Before I dig into that, let me first say this. I do not think public figures should necessarily be afforded the same decency or patience as common folk, especially with someone like Trump (and, frankly, Clinton) who has lusted after fame since before I was born. He is not a private person, by his choice. He still has every other American right, but I’m not as concerned about being gentle with him or other public figures. There can be some leeway there, perhaps, but in general, nah.
We all view the world through our own lens, crafted by experience and belief, and as such all of our assumptions and thoughts are skewed. We aren’t capable of anything else.

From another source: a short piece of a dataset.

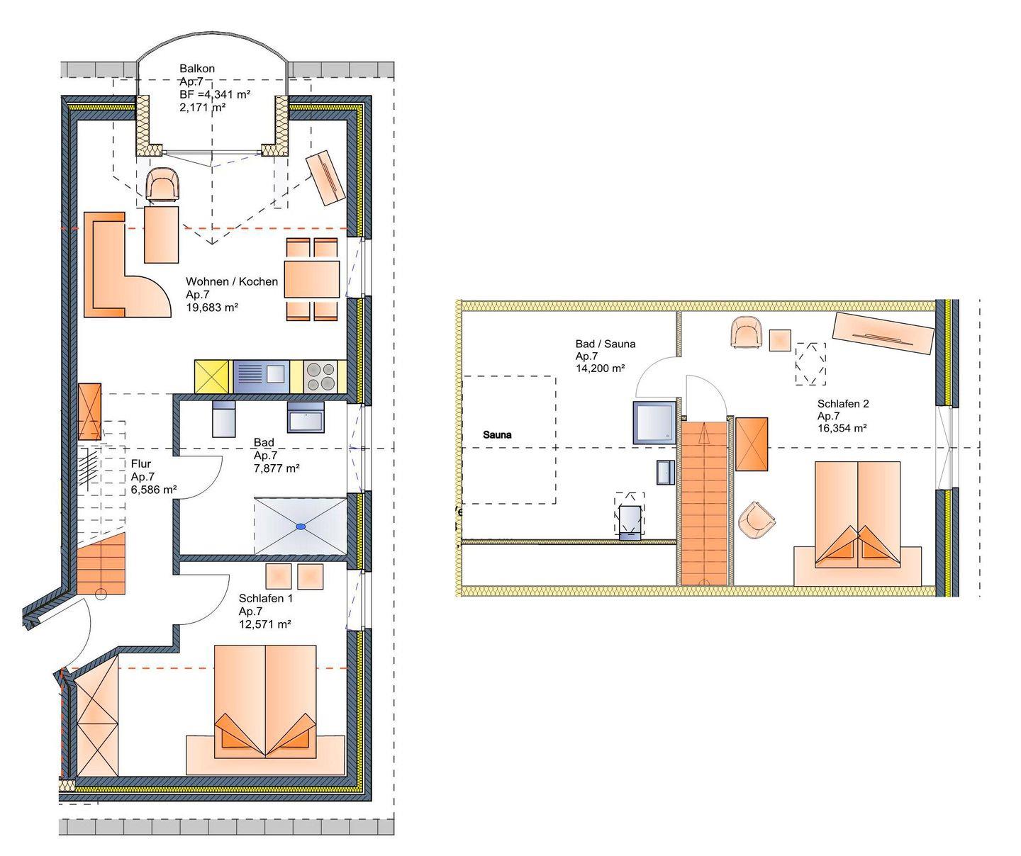 Die Wohnung verfügt über 2 Schlafzimmer, die jeweils mit einem Doppelbett ausgestattet sind. Dazu gibt es auch zwei Badezimmer. Das Wohnzimmer wurde mit einer offenen Küche und einem Essbereich eingerichtet. Zusätzlich hat die Wohnung einen kleinen Balkon. Ein Highlight der Wohnung ist die kleine Sauna (befindet sich hinter einem der Schlafzimmer).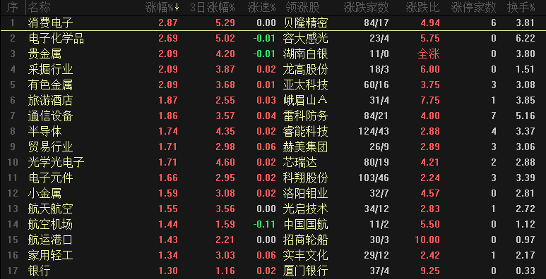 【热点板块】今日行业涨幅靠前的是消费电子、电子化学品、贵金属、采掘行业、有色金属、旅游酒店、通信设备、半导体、贸易行业和光学光电子等。四维分析来看,行业板块有73个上涨,其中有5个板块涨幅超过2%,下跌板块有13个,个股方面,两市上涨家数是3398家,涨停76家,下跌家数是1872家,跌停7家。盘面整体来看,上涨和涨停家数没有持续增长,还是处于分化的状态,板块轮动速度依然比较快。板块来看,涨幅榜有科技、有色金属和消费等,板块之间联动性并不强、找不到明显的炒作主线,下一个阶段可以重点关注两个方向,第一是消费电子,消费电子可以拆分成消费+科技两个概念,未来会受到更多政策上的支持,近期消费电子利好消息也是频繁出现,相关个股还有很多位置也比较低,这类品种可以关注。第二是商业航天,卫星互联网、空间站和商业航天等几个概念也是涨幅靠前,这个方向也是利好不断释放,资金对于这个方向早已提前布局,这个方向有望跑出几只黑马品种,商业航天相关个股也有一批是低位反复打底的、近期也开始尝试向上突破。

And so while you have a definite right to say Donald Trump’s comments about women are, shall we say, inappropriate, it is also true that a large swath of people were offended by Hillary Clinton calling them “deplorable.”
It is hard to remain civil now, but it’s not just hard for you. It’s not just hard for me. For anyone today, with rhetoric as heated as it is, remaining calm is virtually impossible. It is perhaps the hardest hill to climb to appreciate that someone with antithetical views to your own could also be as annoyed and frustrated as you, but for entirely different reasons.

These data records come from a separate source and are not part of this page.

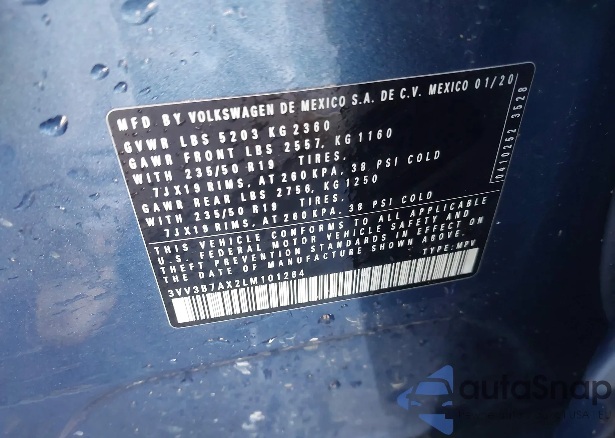 • VIN 3VV3B7AX2LM101264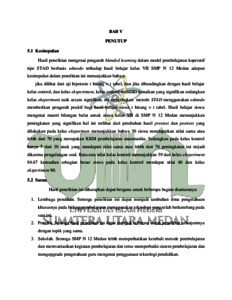 Penelitian ini dilatarbelakangi dengan rendahnya hasil belajar matematika terkhusus pada materi bilangan bulat kelas VII. Tujuan dari penelitian untuk mengetahui ada atau tidaknya pengaruh penggunaan Blended Learning dalam pembelajaran kooperatif tipe STAD berbasis Edmodo terhadap hasil belajar matematika siswa kelas VII. Penelitian yang digunakan adalah jenis penelitian eksperimen. Sampel penelitian ini ada 30 orang kelas VII A dan VII B SMP N 12 Negeri 12 Medan. Penelitian ini menggunakan treatment blended Learning dalam pembelajaran kooperatif tipe STAD berbasis Edmodo yang diberikan kepada siswa untuk mempengaruhi hasil belajar kelas VII. Hasil penelitian menunjukkan Blended learning dalam model pembelajaran koperatif tipe STAD berbasis edmodo memiliki pengaruh yang signifikan terhadap hasil belajar anak. Keadaaan ini dapat dilihat dari hasil uji hasil t hitung menunjukkan hasil 11.268 dan t tabel df 29 dengan taraf 0.05 1.710. Hasil belajar siswa mengenai materi bilangan bulat menunjukkan peningkatan yang signifikan hal ini terlihat dari perubahan hasil pre-test dan postest yang dilakukan pada kelas eksperimen menunjukkan bahwa 30 siswa mendapatkan nilai sama atau lebih dari 70 yang merupakan KKM pembelajaran matematika. Sedangkan pada kelas kontrol hanya 7 dari 30 amak yang mendapati nilai sama atau lebih dari 70 peningkatan ini terjadi dikarena pengulangan soal. Rata-rata nilai kelas kontrol menunjukkan 59 dan kelas eksperimen 84.67 kemudian sebagian besar siswa pada kelas kontrol mendapat nilai 60 dan kelas eksperimen 80.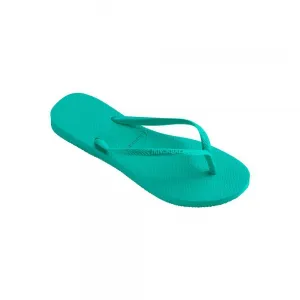 Sandália Havaianas Slim verde, leve e confortável, ideal para o dia a dia.
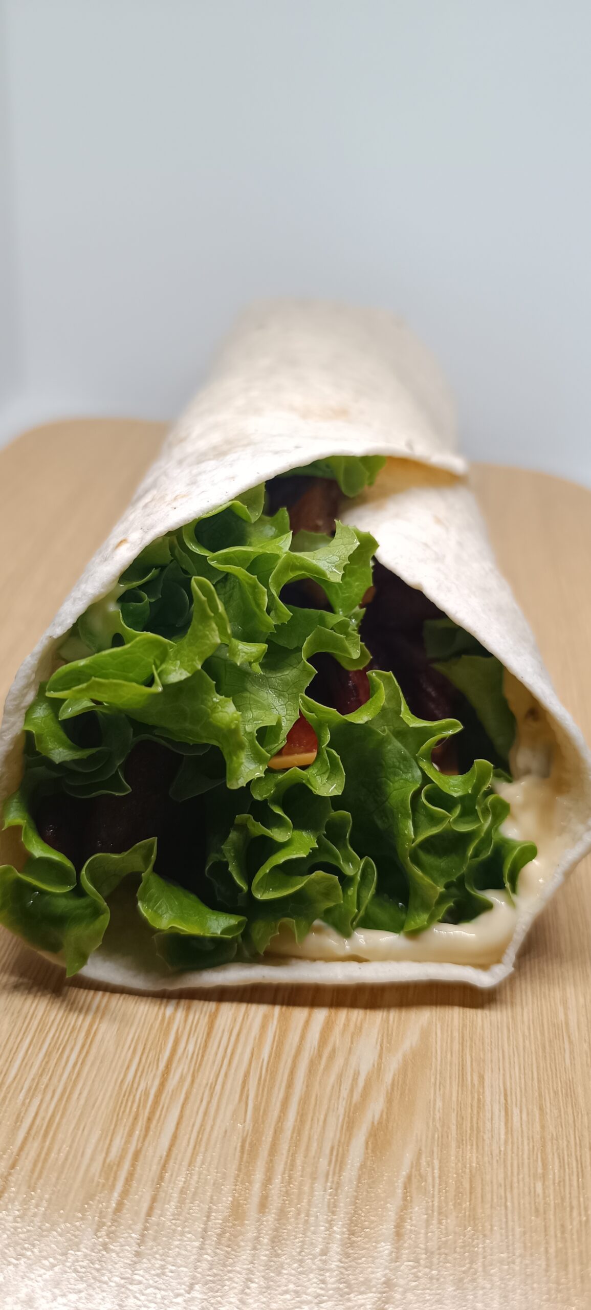 Tortilla, tranche de jambon, cheddar, salade, tomate, sauce (frites et boisson comprises)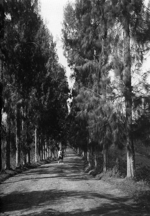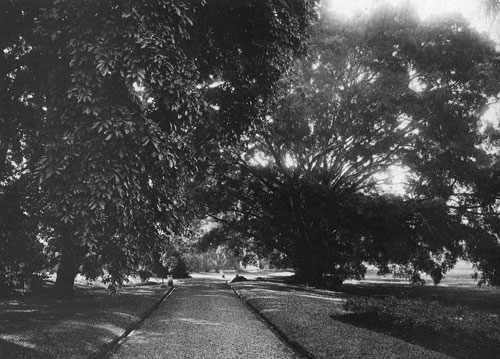 #152: The entrance way in the luxuriant garden of the Lodji, the house of the administrator of the firm Djatinangor where, among others, Oscar Weissenborn lived in 1930. The large banyan trees must have been a good eighty years old then.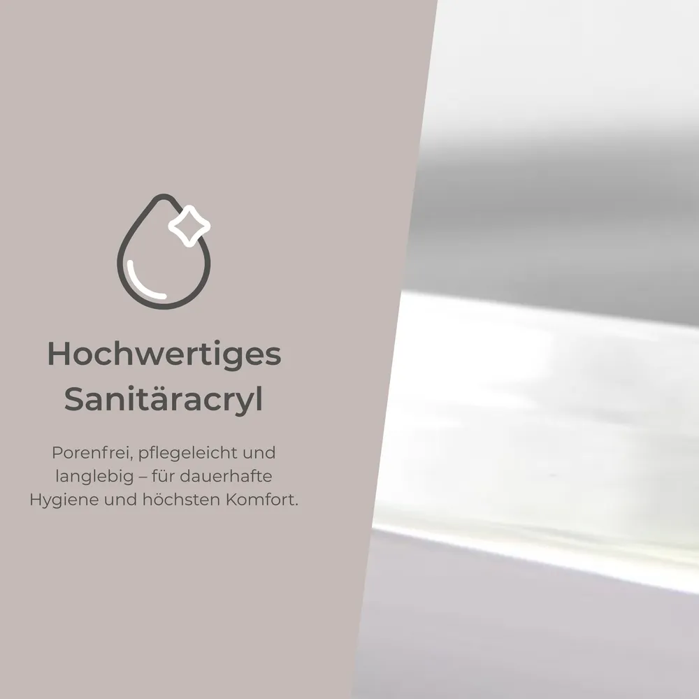 Hochwertiger, durchgefärbter und strapazierfähiger Sanitär-Acryl, Robuste Konstruktion durch doppelwandige Bauweise

In the same way you have every right to want a candidate who supports your policies, the same is true of Trump’s supporters. My point here isn’t to forgive Trump – he’s intolerable to me – but rather to shine a light on everything. Perhaps the challenge — the hardest hill to climb — is recognizing how people with entirely antithetical views to your own can also feel as threatened or bothered as you do.

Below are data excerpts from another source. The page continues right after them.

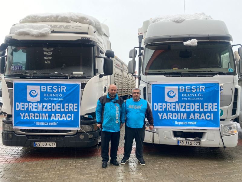 Muş’ta Kahramanmaraş’ta yaşanan ve 10 ilde yıkıma neden olan depremlerin ardından yardım kampanyası başlatan Beşir Derneği Muş İl Temsilcisi, toplamış olduğu 3 tır yaşam malzemesini deprem bölgesine ulaştırdı. Dernek üyeleri tarafından yardım kampanyasında toplanan battaniye, mont, bot, gıda, ısıtıcı, çocuk bezi, mama, çocuk kıyafeti gibi acil ürünler depremzedelere ulaştırıldı.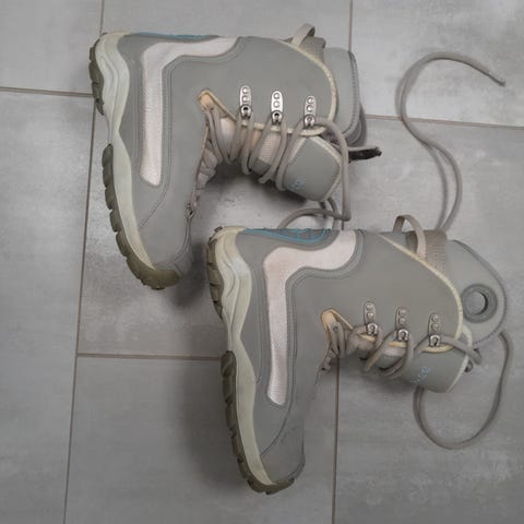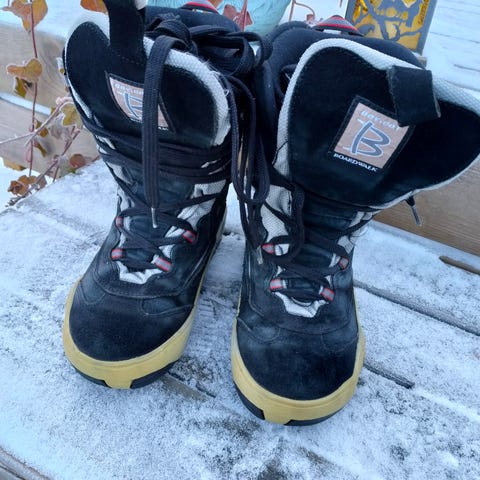 Myydään joitakin kertoja lasketut moitteettomat lumilautakengät.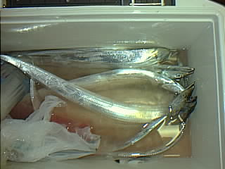 日 時:平成13年7月30日 6:00-14:00 ポイント:竹岡沖 同行者 :息子 気 象:晴れ 海 象:凪のち南西の風やや強い 気 温:25度〜30度 水 温:不明 魚 種:太刀魚14匹、真鯖1匹 体 長:太刀魚60cm〜100cm、真鯖45cm 重 量:未計測 ル ア ー:60-80gのジグ各種 ラ イ ン:12LB、PE2号 リーダー:20LBフロロ ロ ッ ド:ケンクラフト6.6f、 釣具店スペシャル6.6f リ ー ル:アルテグラ3500、 アクシア101(ベイト) 現 認 者:息子本日の収穫物 ![]() |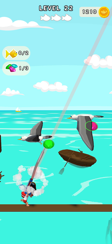 您將跳過島嶼,碼頭,輪船等等,以釣到魚類和珍貴的寶石。您也將從海鷗那裡抓到它們。海洋和天空是我們的!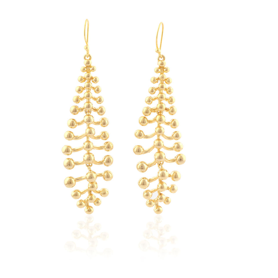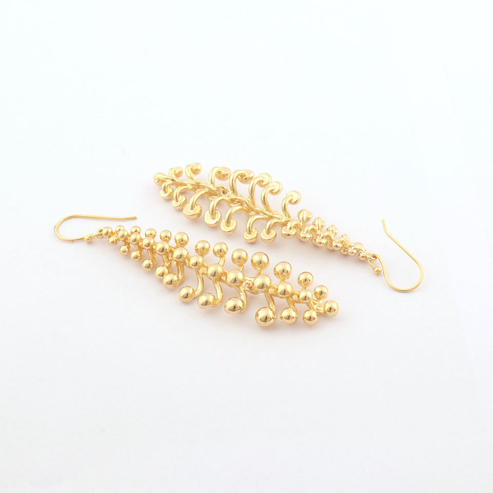 ค็อกเทลปาร์ตี้สวมใส่เครื่องประดับลูกปัดโลหะเครื่องประดับทองธรรมดาต่างหูหยดขนนกทองเหลืองชุบทองต่างหูสามชั้น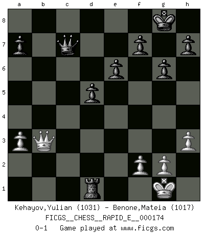 Last move : 0-1 2016 November 30 7:6:51 [Event "FICGS__CHESS__RAPID_E__000174"] [Site "FICGS"] [Date "2016.07.16"] [Round "1"] [White "Kehayov,Yulian"] [Black "Benone,Mateia"] [Result "0-1"] [WhiteElo "1031"] [BlackElo "1017"] 1.e4 c5 2.d4 cxd4 3.Qxd4 Nc6 4.Qd1 Nf6 5.Bd3 g6 6.Nf3 Bg7 7.O-O O-O 8.c4 d6 9.Nc3 Nd7 10.Bd2 Nc5 11.Be2 Bxc3 12.Bxc3 Nxe4 13.Qd3 Nxc3 14.Qxc3 Bg4 15.Rfe1 Re8 16.h3 Bxf3 17.Bxf3 Rc8 18.Bxc6 Rxc6 19.b3 Qc7 20.Re3 b5 21.Rc1 bxc4 22.bxc4 e6 23.Qb3 Rb8 24.Qd3 Rb4 25.a3 Rbxc4 26.Rxc4 Rxc4 27.Qb3 d5 28.Rd3 Rc1+ 29.Rd1 Rxd1+ 0-1 This chess game has been lost on time (started : 2016.07.16 16:54:1) Sicilian : Smith-Morra gambit Kingside Castling by player White (move 7) Kingside Castling by player Black (move 7) Player Black won this chess game. Follow this game move after move (download)The mistakes are there, waiting to be made. (Savielly Tartakower) Sitze auf Deine Hände. (Siegbert Tarrasch) La esencia del Ajedrez es pensar acerca de lo que el Ajedrez es. (David Bronstein) Toutes les manuvres exécutées sur une colonne ouverte ont pour but ultime l'intrusion définitive sur la septième ou la huitième rangée, en plein cur de la position ennemie. (Aaron Nimzovitch) If you ain't just a little scared when you enter a casino, you are either very rich or you haven't studied the games enough. (Pappy)

Of course, then you have me. I think it’s all intolerable. I was raised in a Republican house, and I likely will never vote for a Republican candidate again (I voted McCain in 2008 and Johnson in ’12 and ’16) because the party is unconscionable and refuses to stand for what I stand for. And so I simply went a different direction.
I think the whole election cycle served as a wake up call for liberals, especially those living in blue states or in big cities. People are obviously responding in different ways: some with complete resistance, and some with a combination of resistance and a desire for understanding. I’m in the latter group, because agree with you—it’s imperative to at least try to recognize that others have different views, and that there may be good reasons for those views. Immediately after the election, many of the news stories I was reading started referencing the book “Hillbilly Elegy” by J. D. Vance. The book was published before the rise of Trump, but it sheds light on how the economic and cultural conditions of rural areas in the United States made way for the success of someone like Trump. In a desire for some shred of understanding, I read the book, and it was enlightening and fascinating.
Liberals have a lot of work to do. And conservatives want to be understood. I don’t believe the person we’ve elected has the ability to heal the country, nor the ability to at least try to create a culture of understanding. He exposed our wounds, and now they’ll fester for a long time.
The best thing we can do for one another is try to understand. Some things I don’t think I’ll ever be able to understand—such as the shrug of shoulders in response to some of the comments Trump has made about women. But other issues are becoming easier to understand—such as the anger felt when a steady, good paying job is seemingly unattainable.
It certainly doesn’t help when one side calls the other side deplorables, or snowflakes. Honest conversations need to be had without name calling, without an overdose of emotion, and without dismissive sighs. It would help to completely take politicians out of the conversation. Just talk about one another’s concerns and beliefs.